One of the first in my list would be Blackmagic Design
What's your list of companies Apple will likely not buy but you'd love them to?
It's always hard to go through the details of how successful an acquisition would be. On the internet, it's easy to suggest buying one company or another but unless there's a direct benefit for either party involved, it's about as meaningful as suggesting that any employee at a company should be fired, promoted, demoted etc.
It's not always the right thing for smaller companies to sell out to a bigger company. Some companies are small because they have a small target audience and if they stay profitable, there's no immediate reason to sell out. If I had a highly respected and profitable business I don't think I'd sell out to Apple if it was a company I deeply cared about because I'd be volunteering to follow someone else's agenda instead of my own. If I did decide to sell and it was a company I cared about, there would have to be terms stating that I'd retain full control but Apple might not allow that to happen.
Apple tried to buy DropBox and was turned down, Yahoo tried to buy Facebook and was turned down. Some companies just won't sell out no matter the price. In some cases, the money doesn't matter; in others, they can make more going it alone.
Apple successfully bought a whole load of professional software companies and ruined/EOL'd/dumbed down a few of those products and improved some of them. You can't tell how it would work out. If they bought Blackmagic, do you think Da Vinci would survive or end up like Color? Stripped down and patched into FCPX.
What I'd like to see Apple doing is helping tackle really important problems. What Steve Perlman said about Silicon Valley companies focusing too much on social media instead of solving really hard problems is not only accurate but he demonstrates how to go about it.
Transport needs to be overhauled, TV distribution, food provision, we need better interfaces with productive computers, we need ubiquitous wifi, better home energy provision and more. Apple can be involved in some of them but they aren't going to be the answer to everything. Everything won't suddenly become better by being part of Apple.
On one hand, sitting with so much static cash isn't very interesting but I also don't want to see the possibility of them ever struggling financially. Look at what they did recently - $14b dropped in two weeks on a share buyback. That's what happens when they spend cash the wrong way.

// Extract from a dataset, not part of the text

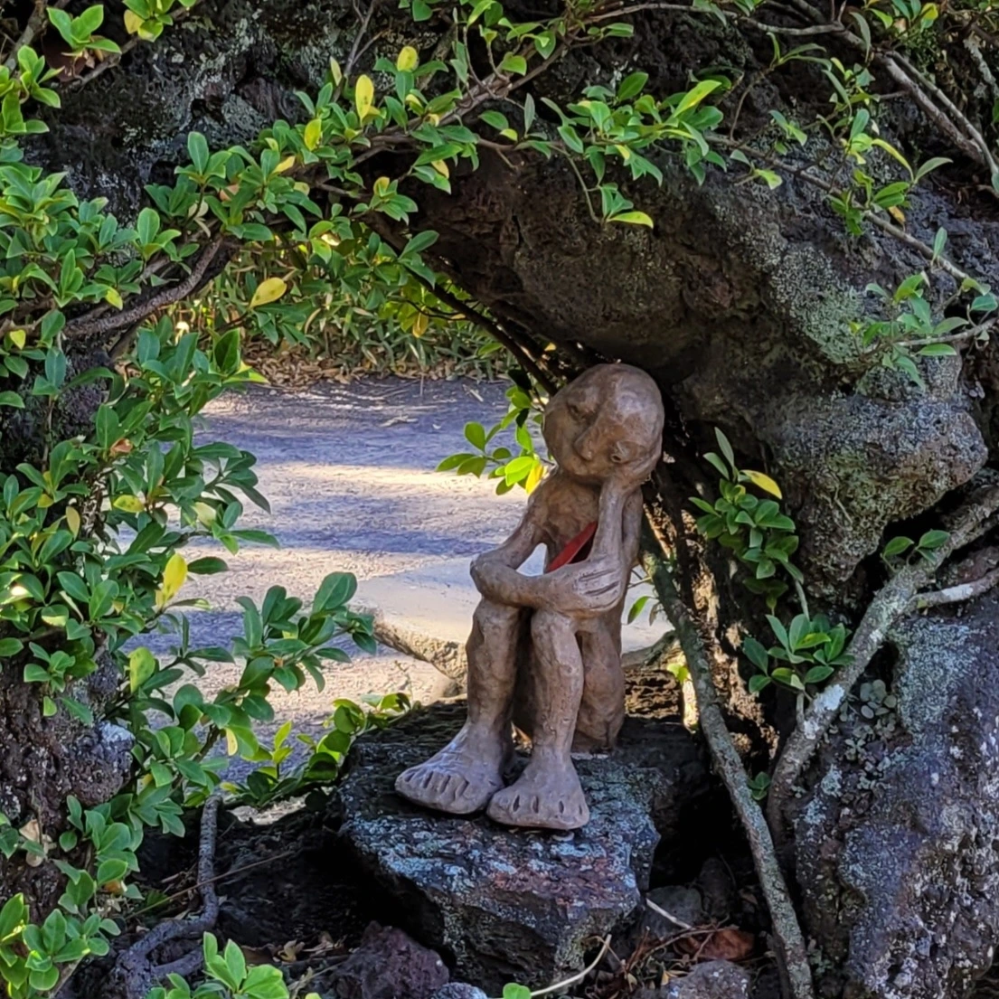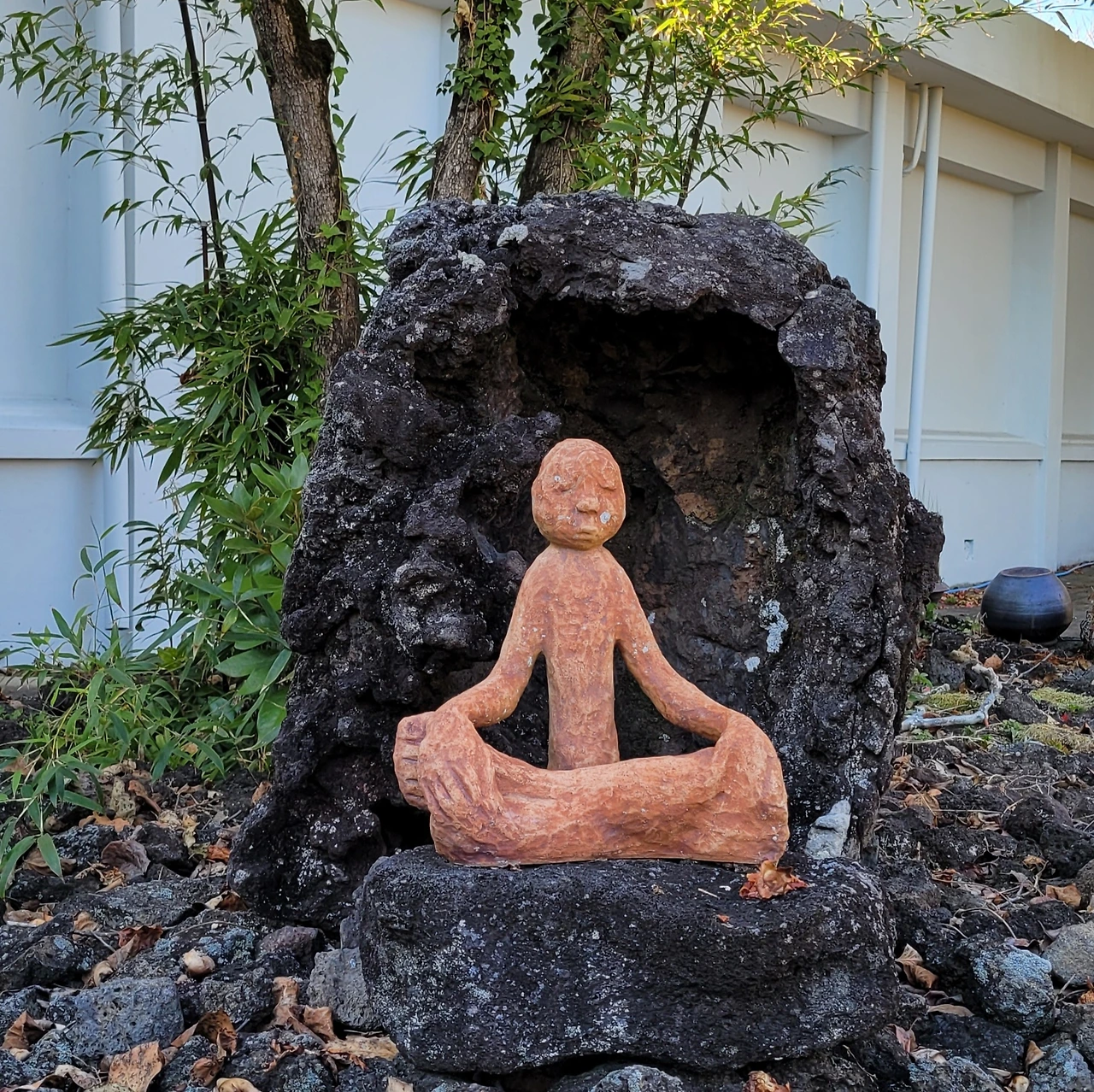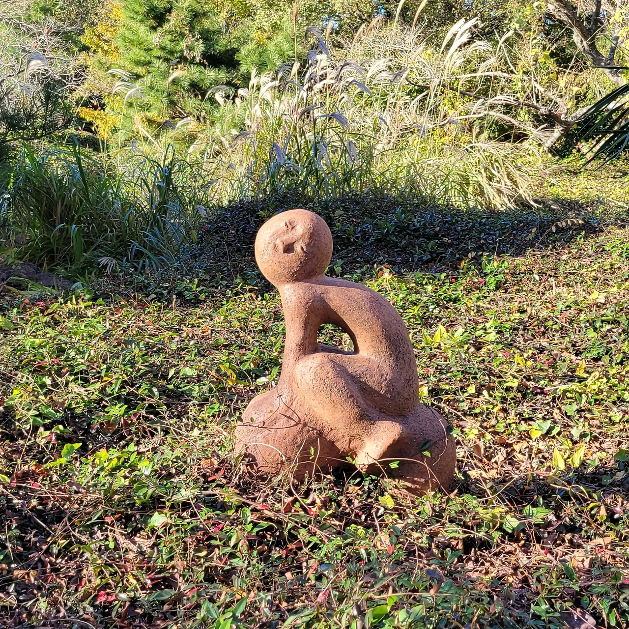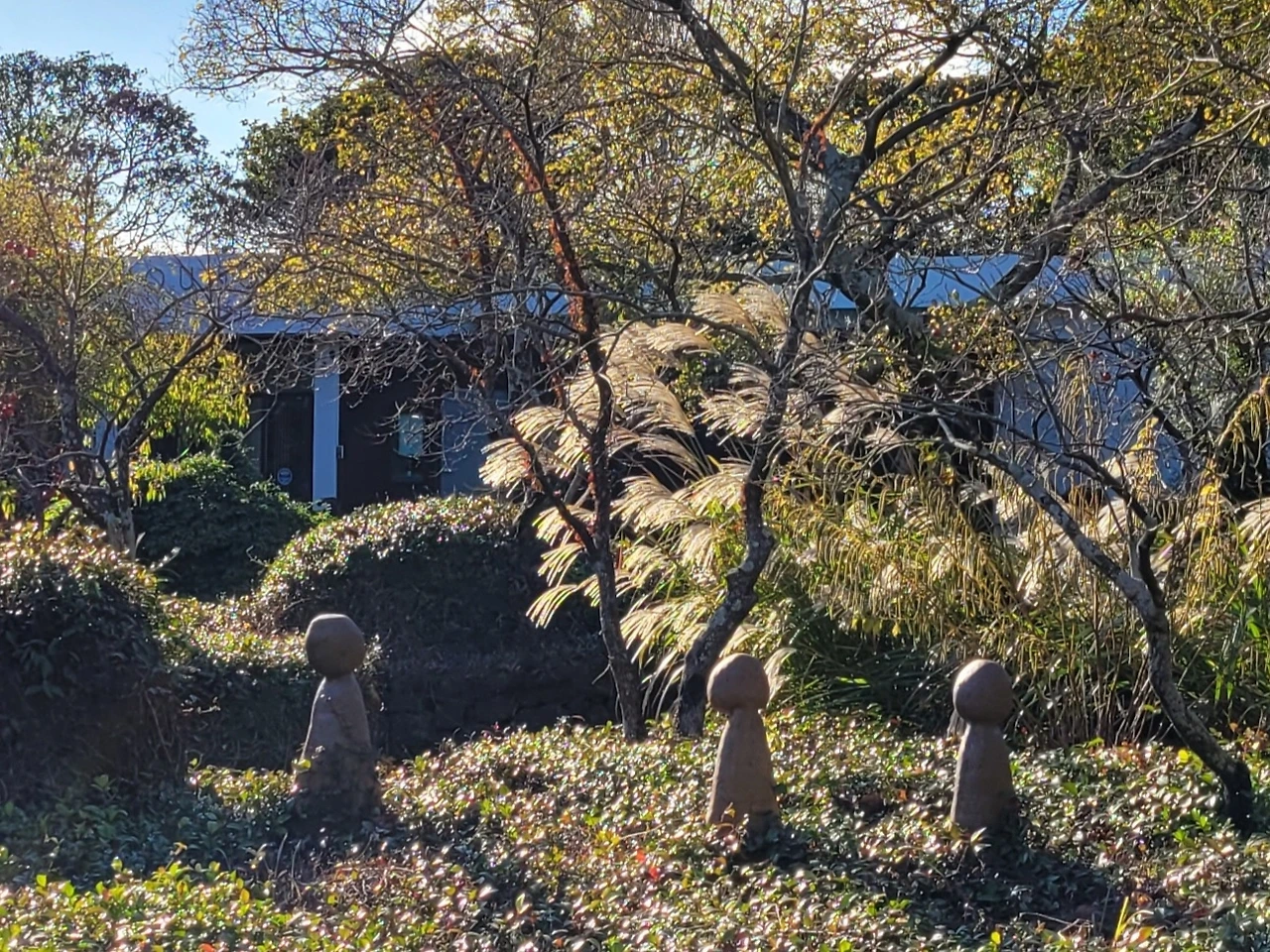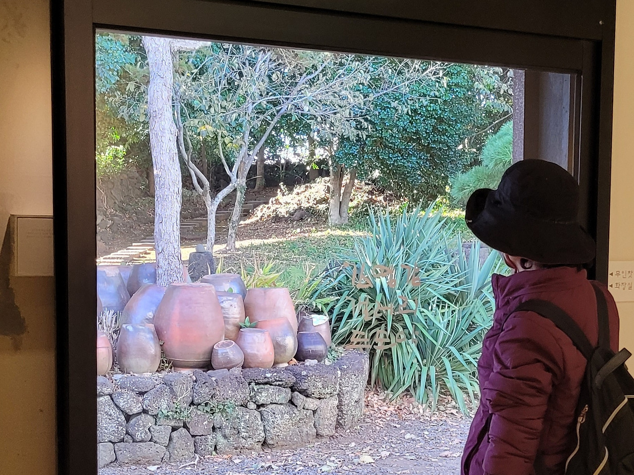 정원에 김영갑의 벗, 김숙자 작가의 토우 조각품이 전시되어 있다.

They could have bought LG with that and instantly taken control of a major display supplier with a strong presence in the TV sector. It's close to being enough to buy Sony. They'd need a bit more for Tesla. Netflix is in this region but isn't worth its market cap in a buyout as it doesn't have enough of a unique selling point. Square Enix is only $2b and could be an exclusive games studio for iOS and Mac - Tomb Raider 2013 alone sold 6 million copies, if someone had to buy an iPad or Mac to play the next one, they would and millions of hardware sales plus the software sales could pay for the purchase with 3 hit titles.
Tim said they looked at buyout options and decided there wasn't anything worth buying. There's something up with that Tesla meeting though. Why would Apple's mergers and acquisitions talk with them? If it was just CarPlay, Elon wouldn't have to cover it up with not being able to comment due to being a public company.
I either didn’t know this or had forgotten. Either way, somewhere a utopian world exists where this happened and Yahoo! ran it into the ground.
And in some, principles don’t matter at all!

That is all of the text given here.